Nos últimos 11 meses de guerra tenho reflectido muito sobre totalitarismo, ditadores e quem com eles colabora. E recorro tantas vezes ao exemplo alemão.
Quando, em Outubro de 1966, se abriram os portões da prisão de alta segurança de Berlim-Spandau, as luzes cegaram Albert Speer. Dezenas de jornalistas e milhares de populares esperavam o arquitecto e ministro do Armamento de Hitler como se fosse uma estrela pop. Cumpridos os 20 anos de pena a que fora sentenciado em Nuremberga por crimes de guerra e contra a humanidade, Speer viria a tornar-se, até à sua morte, em 1981, uma das grandes figuras da sociedade alemã ocidental. Era, parafraseando o semanário Der Spiegel, “o ex-nazi preferido dos cidadãos”. As suas memórias, publicadas em 1969, e os diários de Spandau, de 1975, contam-se, com mais de um milhão de exemplares vendidos, entre as obras mais lidas na Alemanha. Mesmo no filme de Oliver Hirschbiegel “A Queda”, é apresentado como um “gentleman nazi”. Declarou-se “culpado” em Nuremberga, mas afirmou ter “apenas uma ideia vaga” do que se passava nos campos de concentração - era um tecnocrata “apolítico”. Uma vaga ideia?
Speer tornou-se “um anjo saído do Inferno”, na expressão do seu editor Wolf Jobst Siedler, ao opor-se abertamente, nas últimas semanas de guerra, ao édito de Nero de Adolf Hitler (a destruição de todas as infra-estruturas - “o povo alemão, que se tinha revelado fraco, não merecia misericórdia”, devia, segundo o ditador, afundar-se, como o “Império dos mil anos”).
Se o número dois do regime não estaria informado do Holocausto, como poderiam outros elementos do regime estar? E o povo alemão? Que desculpa magnífica para a culpa de tantos.
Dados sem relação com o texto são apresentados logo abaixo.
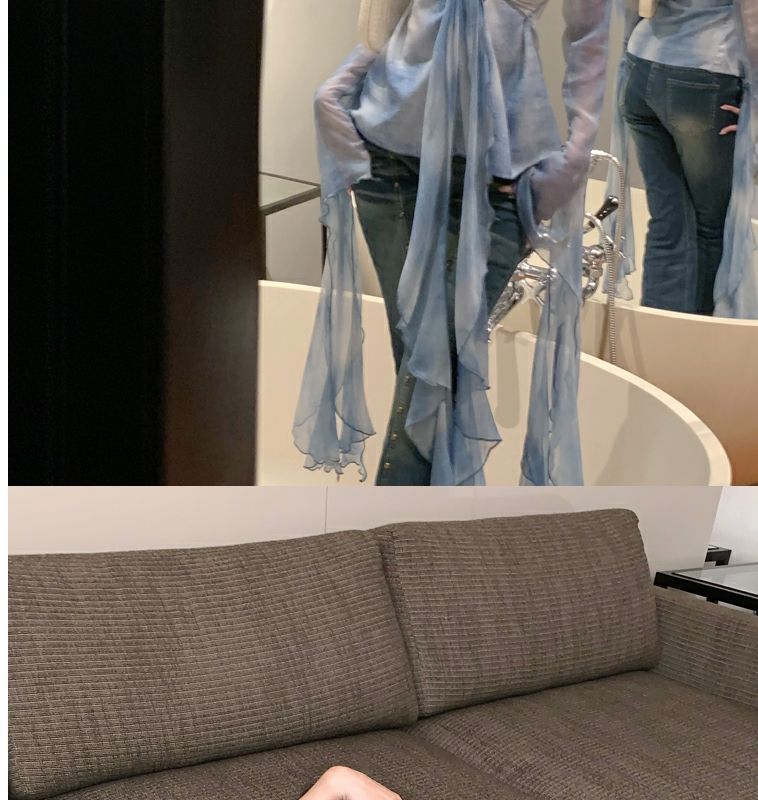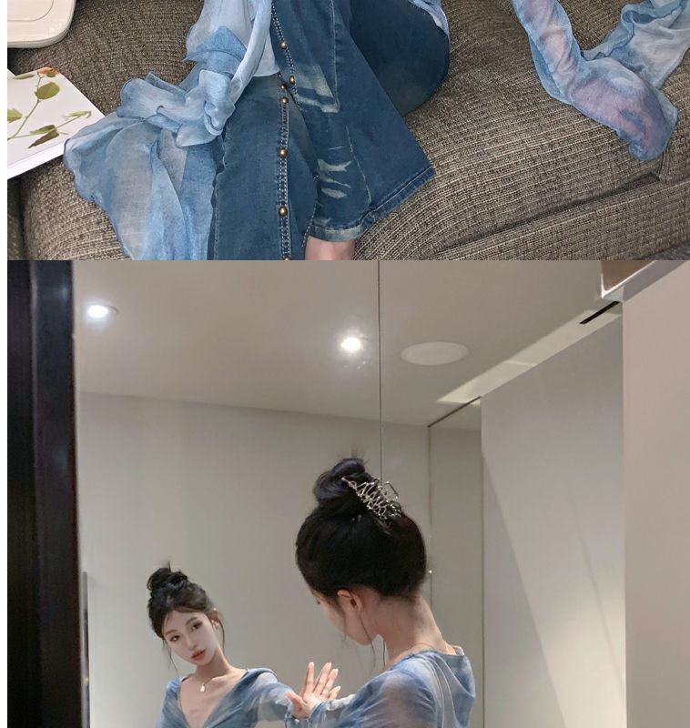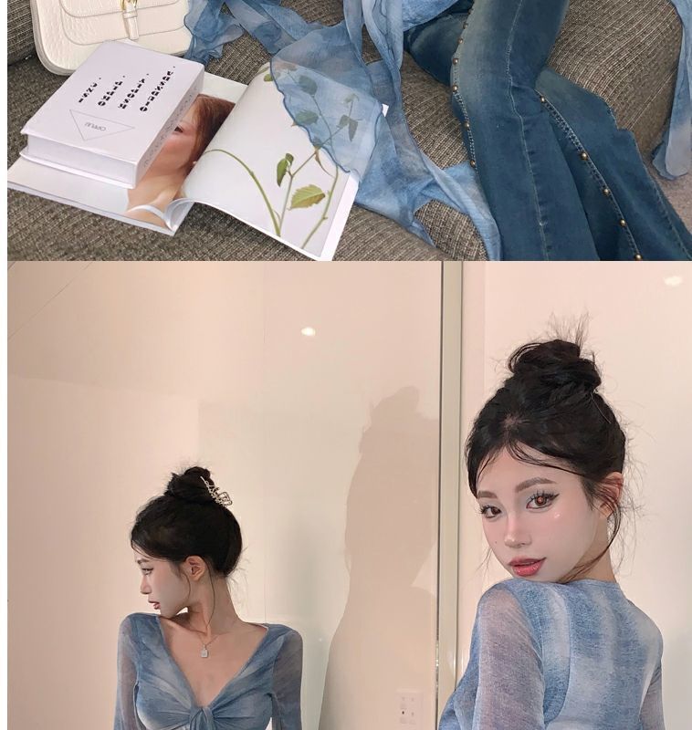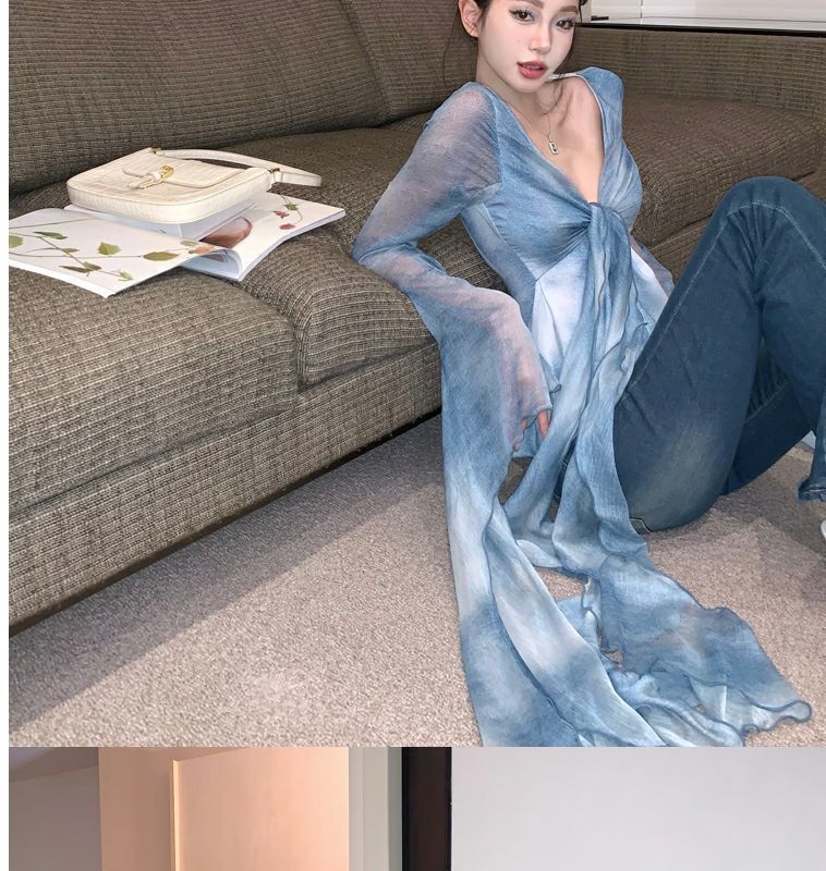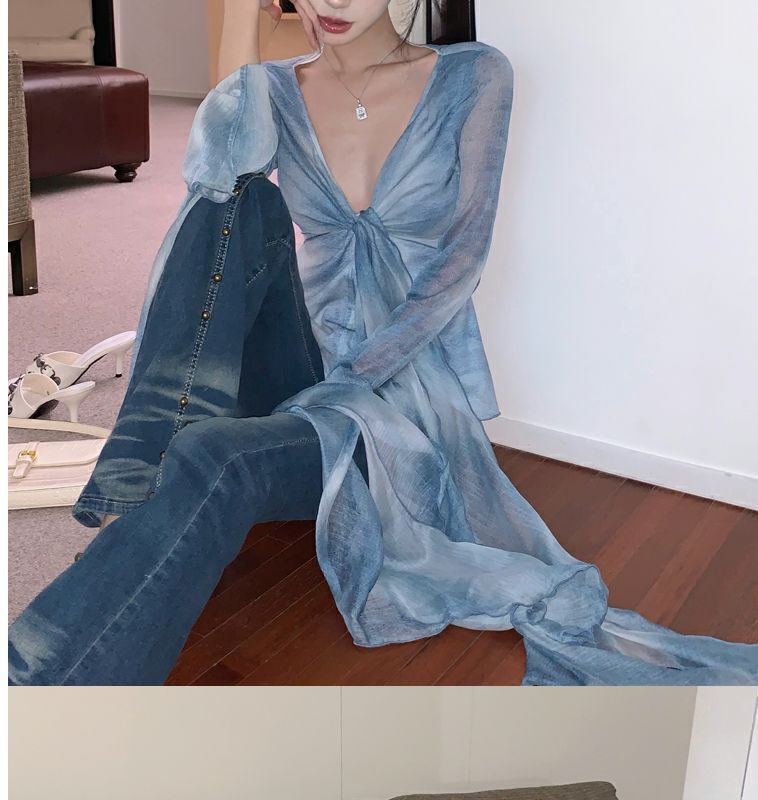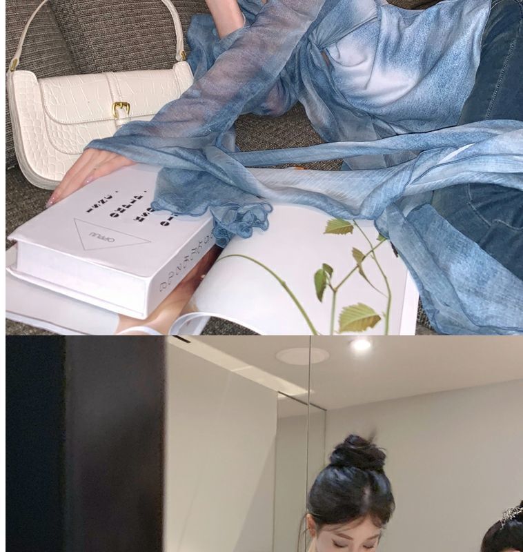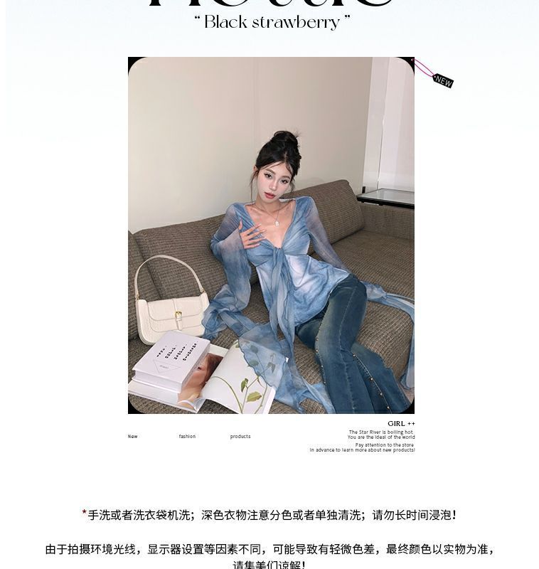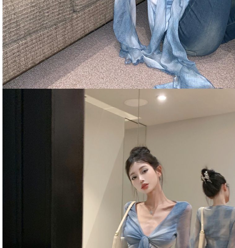 점진적 타이 다이 얇은 긴팔 셔츠 여성용 가을과 겨울 새로운 프랑스 자외선 차단제 셔츠 리본 디자인 틈새 탑스토어 가기

O eloquente e bem apessoado nazi conseguiu, aparentemente, a quadratura do círculo: ser colaborador leal e um amigo de Hitler quase até aos derradeiros dias e, em simultâneo, manter-se um homem íntegro. Naturalmente que este retrato foi arrasado num documentário monumental de seis horas realizado por Heinrich Breloer. Ao contrário do que afirmou em Nuremberga e durante toda a vida, o arquitecto de Hitler não só tinha conhecimento do universo concentracionário como contribuiu directamente para a construção do campo de Auschwitz, tomou a iniciativa de deportar judeus berlinenses e enriqueceu graças à arianização de bens judaicos. Sem o talento organizativo de Albert Speer e a exploração do trabalho escravo ao serviço da construção de armamento, a guerra poderia ter terminado no final de 1943. No final de 1944, meio milhão de escravos produziam maquinaria bélica nazi. Para proteger a indústria de armamento dos bombardeamentos aliados, Speer decretou que se fabricassem armas em grutas subterrâneas. Um registo de 21 de Maio de 1943 refere-se ao “Programa Professor Speer”, destinado a transformar Auschwitz num campo de extermínio. Nesse documento, no qual Speer traçou copiosas notas, nas margens e sobre o texto, é explícita, sem ambiguidades, a vocação do Lager (campo de concentração). Se estes dados fossem conhecidos em Nuremberga, a sentença teria tido outro teor. Questionado pelo seu editor Wolf Jobst Siedler sobre o que faria se tivesse a escolha entre ser apenas um arquitecto de Heidelberg ou seguir o seu percurso de vida novamente, Albert Speer respondeu: “Faria tudo de novo. De novo a glória, de novo a vergonha, de novo o crime e a entrada nos livros de História.” Faz-nos reflectir, não faz?
Mala diplomática a subir
O Presidente da Ucrânia sublinhou, em mensagem de vídeo, nesta sexta-feira, 27 de Janeiro, que é também o Dia da Memória do Holocausto e em que se assinala o 78.º aniversário da libertação de Auschwitz-Birkenau, que “o ódio e a indiferença matam”. Zelenski, que é judeu, prestou homenagem aos milhares de judeus ucranianos mortos pela treva nazi.
Mala diplomática a descer
Portugal tem 37 tanques Leopard A6, mas a maior parte estará kaputt, inoperacional, noticia a edição desta sexta-feira do Expresso, que cita fontes do Exército. A maioria destes carros de combate estão no “nível vermelho de operacionalização”, segundo uma escala utilizada pela NATO para averiguar a prontidão dos equipamentos a serem utilizados em combate. Será esta a explicação para os avanços e recuos do governo português no envio de carros de combate portugueses para a Ucrânia?